● **TASK OBJECTIVE**
Retype the records below exactly as they appear, but leave out any pictures.

● **DATA RECORDS**
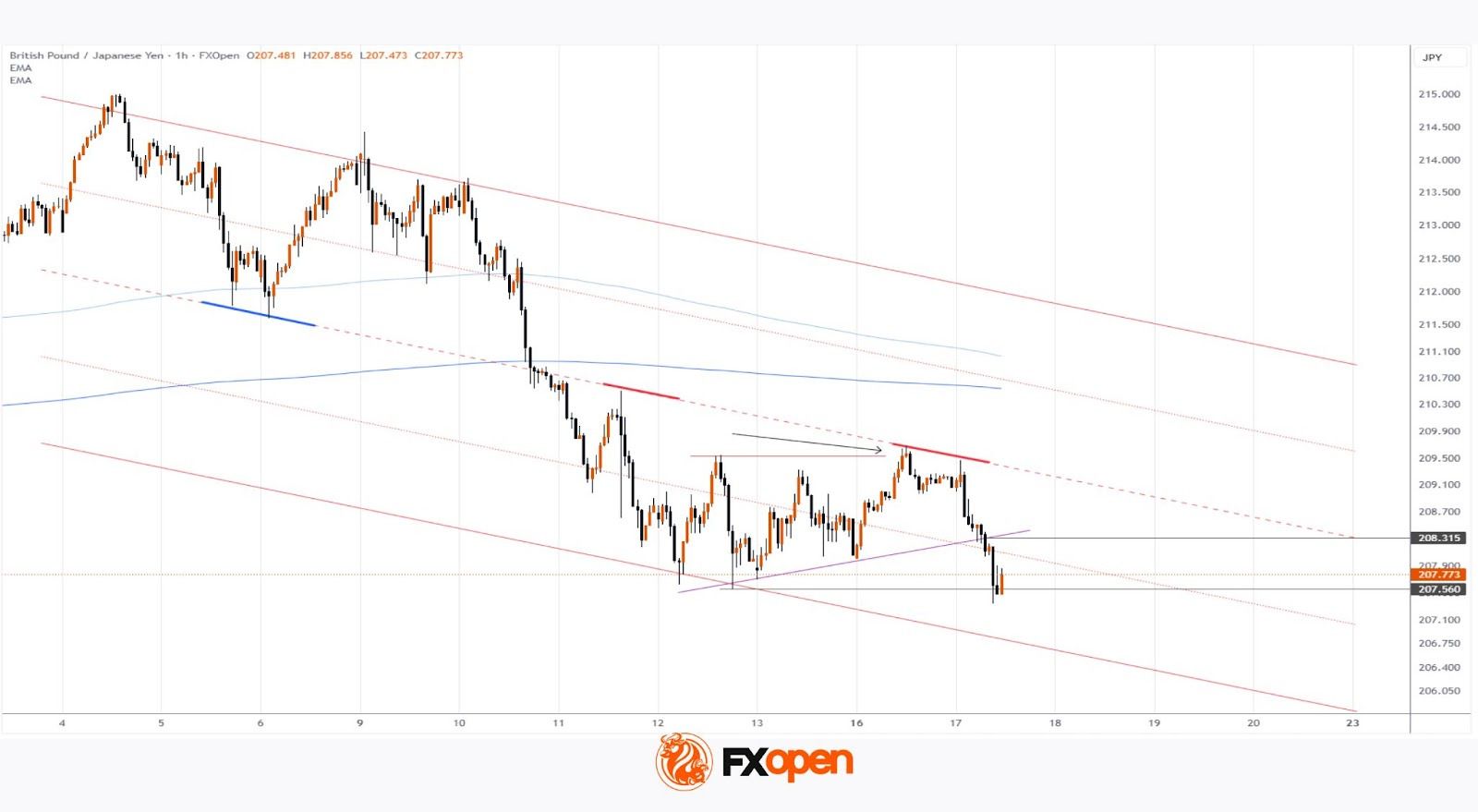 Nevertheless, the outlook for bulls remains challenging. Even if they manage to push prices slightly higher, they may encounter resistance around 208.315 — a level where sellers previously demonstrated strength when breaking local support (shown in purple).
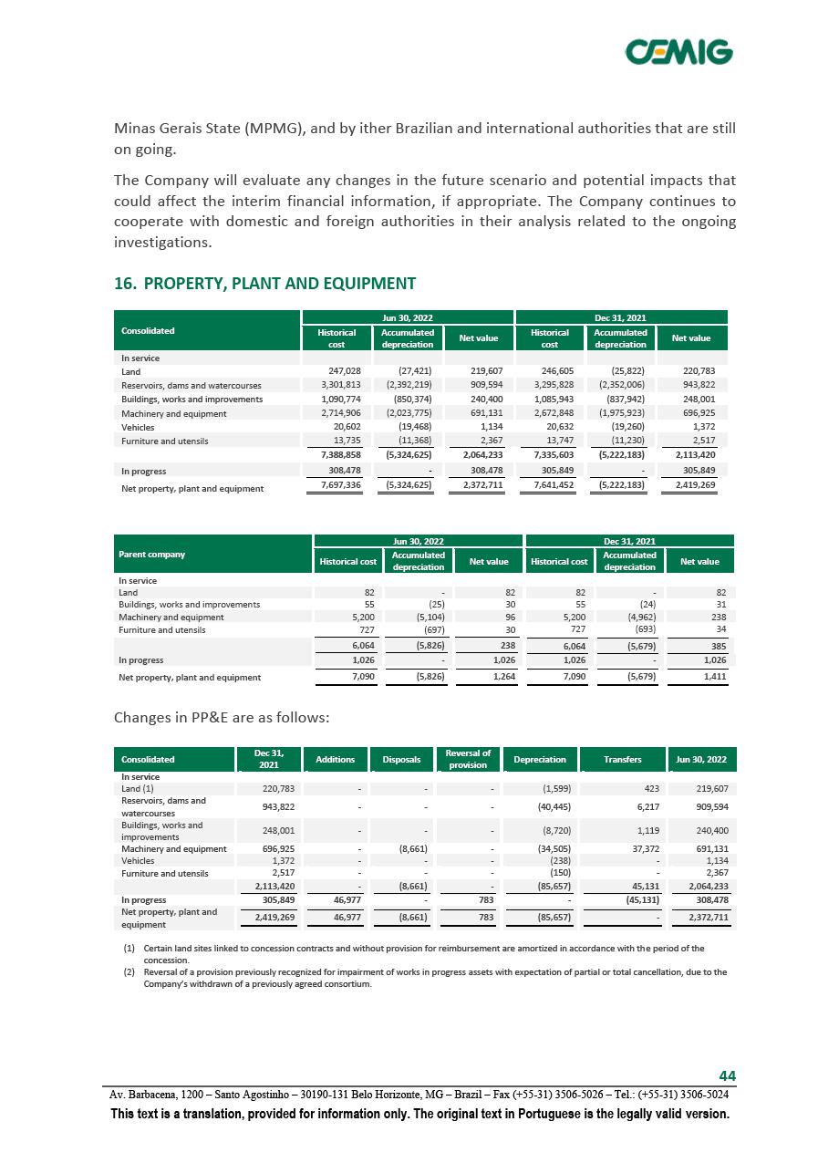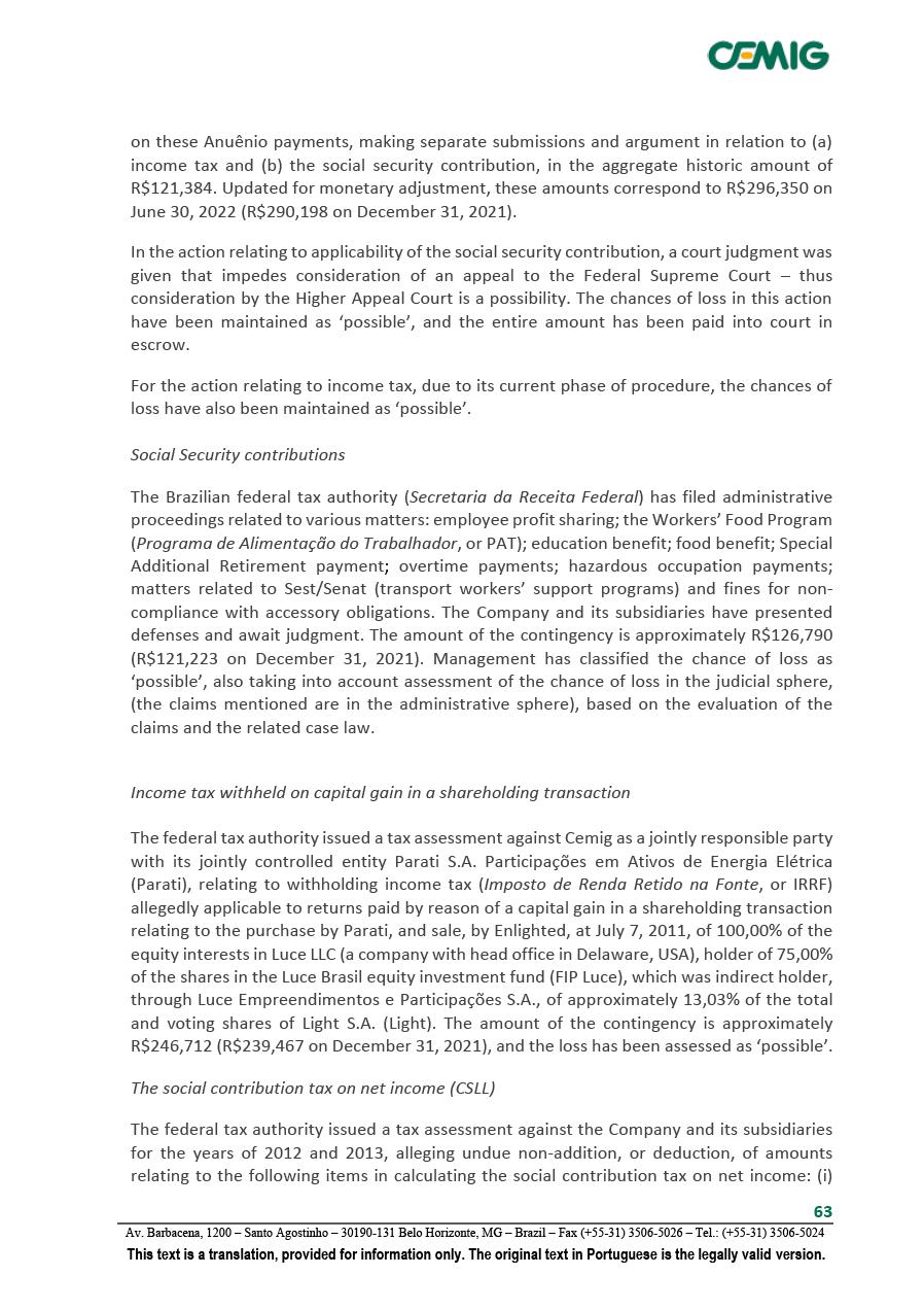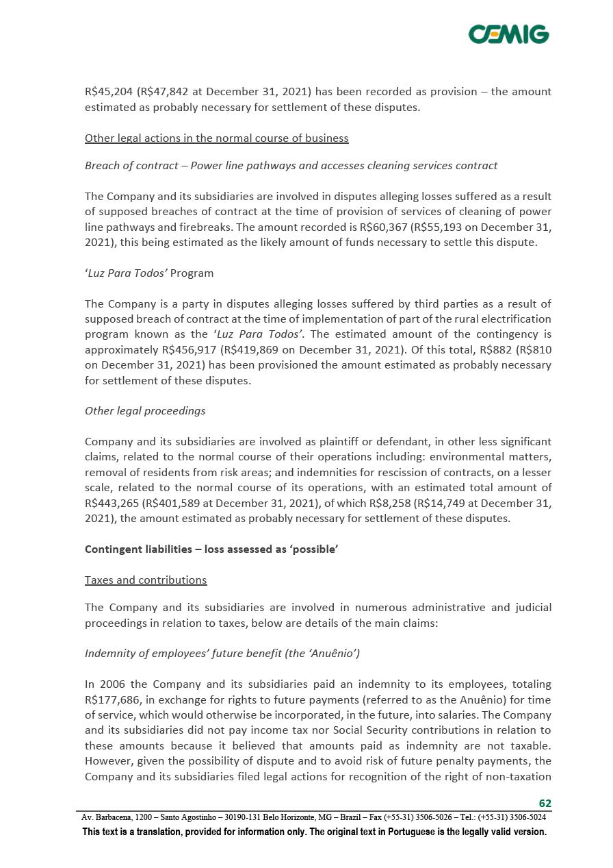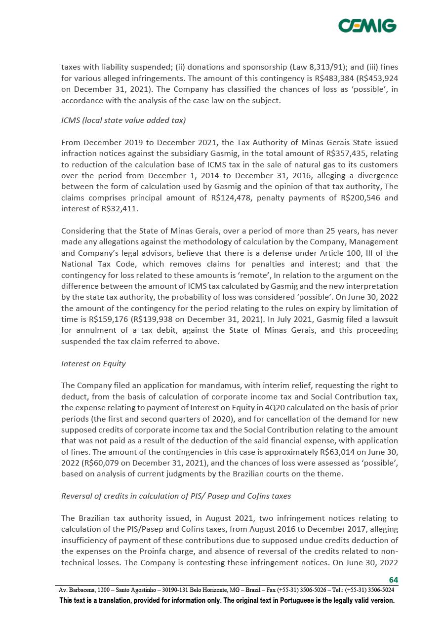 3. It is also worth noting that the 2021 Financial Statements (“DF”) were published and are available to anyone who may be interested on the Company’s website, as well as on the website of this Agency, with the following information: “At the end of 2020, the Company began internal procedures for the investigation of allegations received by the Prosecution Office of the Minas Gerais State (MPMG), through Official Letters, the content of which basically refers to alleged irregularities in public bidding purchasing processes. The investigation is being conducted by a New Investigation Committee, with support from specialized advisors. The independent internal investigation started in 2020 has been concluded and the final report has been delivered to and approved by the Investigation Committee on November 24, 2021, and no matters that could significantly impact the financial statements for December 31, 2021, or the financial statements for previous years have been identified. However, the Company is awaiting the outcome of the ongoing investigations by the MPMG and comments from Brazilian and international authorities, to which the reports were presented, to confirm whether any additional procedure will be necessary. The Company will evaluate any changes in the future scenario and eventual impacts that could affect the financial statements, when applicable. The Company continues to cooperate with Brazilian and foreign authorities in their analysis related to the ongoing investigations.”
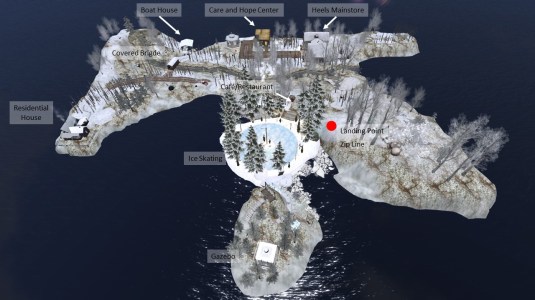 When I published my simploring report about Dream Bay on November 22nd (read Simploring 2019 (117) Autumn @ Dream Bay), it was just the day Aylia (aylaj) began with modifying the 2 Islands for the Winter season. I decided to revisit Dream Bay on Friday, November 29th. Dream Bay is moderate homestead owned by Morgan Firehawk (mmorganwhitfield). It is the home of the Care and Hope Center, the mainstore of a brand for shoes “Heels” and it is the private home of Morgan, she calls it Huckleberry Island.
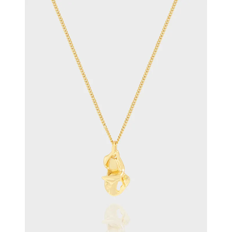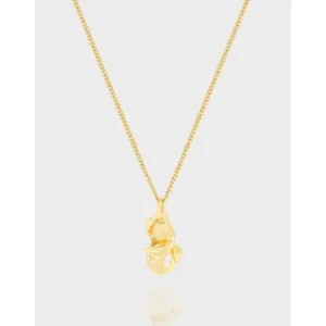 - Patterns or Textures: The pendant boasts raw, undulating textures and gracefully fluid shapes, giving it a captivating, almost liquid appearance. Its polished finish highlights the delicate balance of its irregular folds and curves, creating a dynamic play of light and shadow. The elegant curb chain provides a subtle yet sturdy foundation, completing this timeless piece.
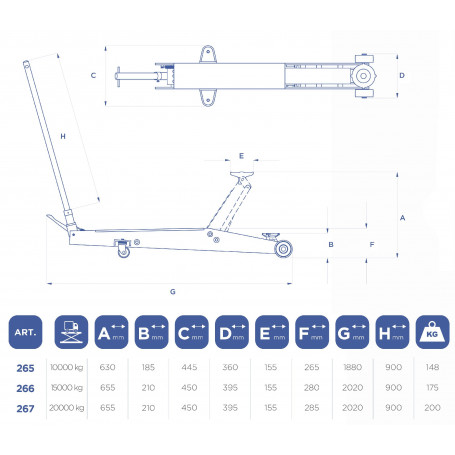 - Châssis lourd avec grandes roues pour un déplacement rapide du cric malgré son poids propre élevé
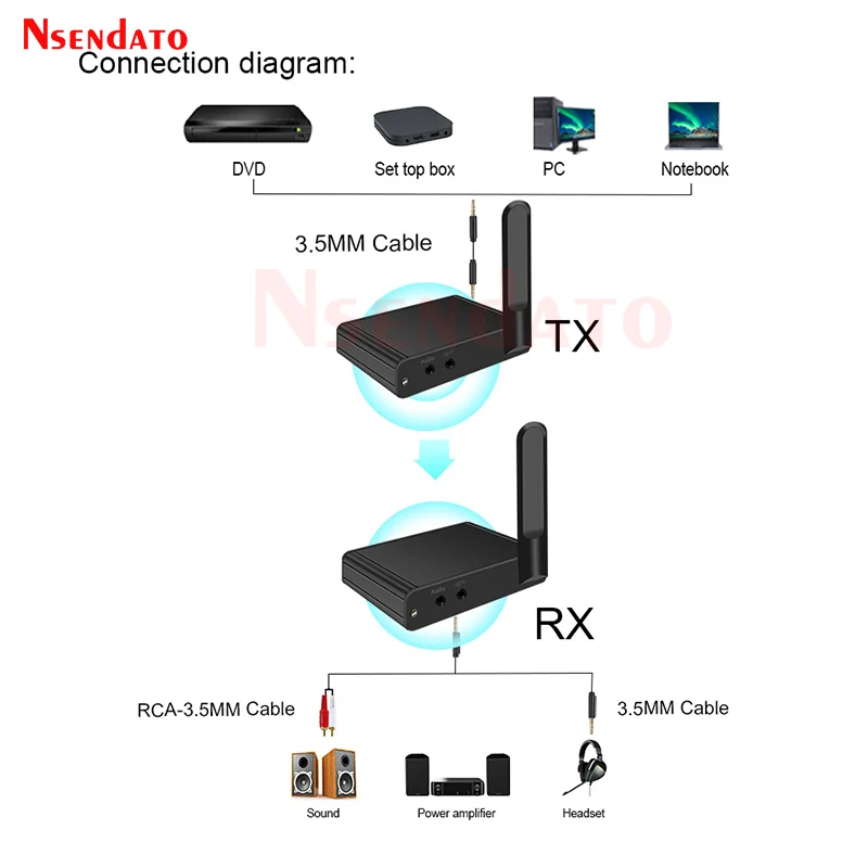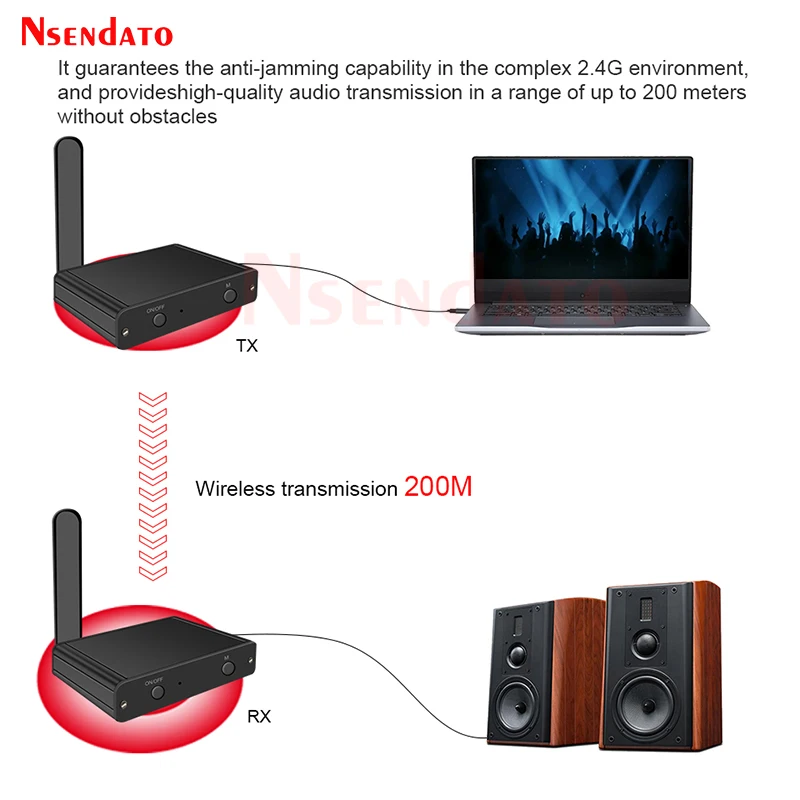200M 2,4G Hifi música Digital sonido transmisor de Audio inalámbrico adaptador receptor 3,5mm Cable de Audio RCA para PC teléfono iPad Ipod DVD
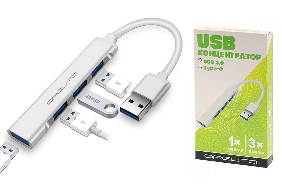 Разветвитель USB HUB Орбита OT-PCR23 USB 2.0/3.0 (3*USB) (серебристый)

● **EXERCISE ANSWER**
 Nevertheless, the outlook for bulls remains challenging. Even if they manage to push prices slightly higher, they may encounter resistance around 208.315 — a level where sellers previously demonstrated strength when breaking local support (shown in purple).
 3. It is also worth noting that the 2021 Financial Statements (“DF”) were published and are available to anyone who may be interested on the Company’s website, as well as on the website of this Agency, with the following information: “At the end of 2020, the Company began internal procedures for the investigation of allegations received by the Prosecution Office of the Minas Gerais State (MPMG), through Official Letters, the content of which basically refers to alleged irregularities in public bidding purchasing processes. The investigation is being conducted by a New Investigation Committee, with support from specialized advisors. The independent internal investigation started in 2020 has been concluded and the final report has been delivered to and approved by the Investigation Committee on November 24, 2021, and no matters that could significantly impact the financial statements for December 31, 2021, or the financial statements for previous years have been identified. However, the Company is awaiting the outcome of the ongoing investigations by the MPMG and comments from Brazilian and international authorities, to which the reports were presented, to confirm whether any additional procedure will be necessary. The Company will evaluate any changes in the future scenario and eventual impacts that could affect the financial statements, when applicable. The Company continues to cooperate with Brazilian and foreign authorities in their analysis related to the ongoing investigations.”
 When I published my simploring report about Dream Bay on November 22nd (read Simploring 2019 (117) Autumn @ Dream Bay), it was just the day Aylia (aylaj) began with modifying the 2 Islands for the Winter season. I decided to revisit Dream Bay on Friday, November 29th. Dream Bay is moderate homestead owned by Morgan Firehawk (mmorganwhitfield). It is the home of the Care and Hope Center, the mainstore of a brand for shoes “Heels” and it is the private home of Morgan, she calls it Huckleberry Island.
 - Patterns or Textures: The pendant boasts raw, undulating textures and gracefully fluid shapes, giving it a captivating, almost liquid appearance. Its polished finish highlights the delicate balance of its irregular folds and curves, creating a dynamic play of light and shadow. The elegant curb chain provides a subtle yet sturdy foundation, completing this timeless piece.
 - Châssis lourd avec grandes roues pour un déplacement rapide du cric malgré son poids propre élevé
200M 2,4G Hifi música Digital sonido transmisor de Audio inalámbrico adaptador receptor 3,5mm Cable de Audio RCA para PC teléfono iPad Ipod DVD
 Разветвитель USB HUB Орбита OT-PCR23 USB 2.0/3.0 (3*USB) (серебристый)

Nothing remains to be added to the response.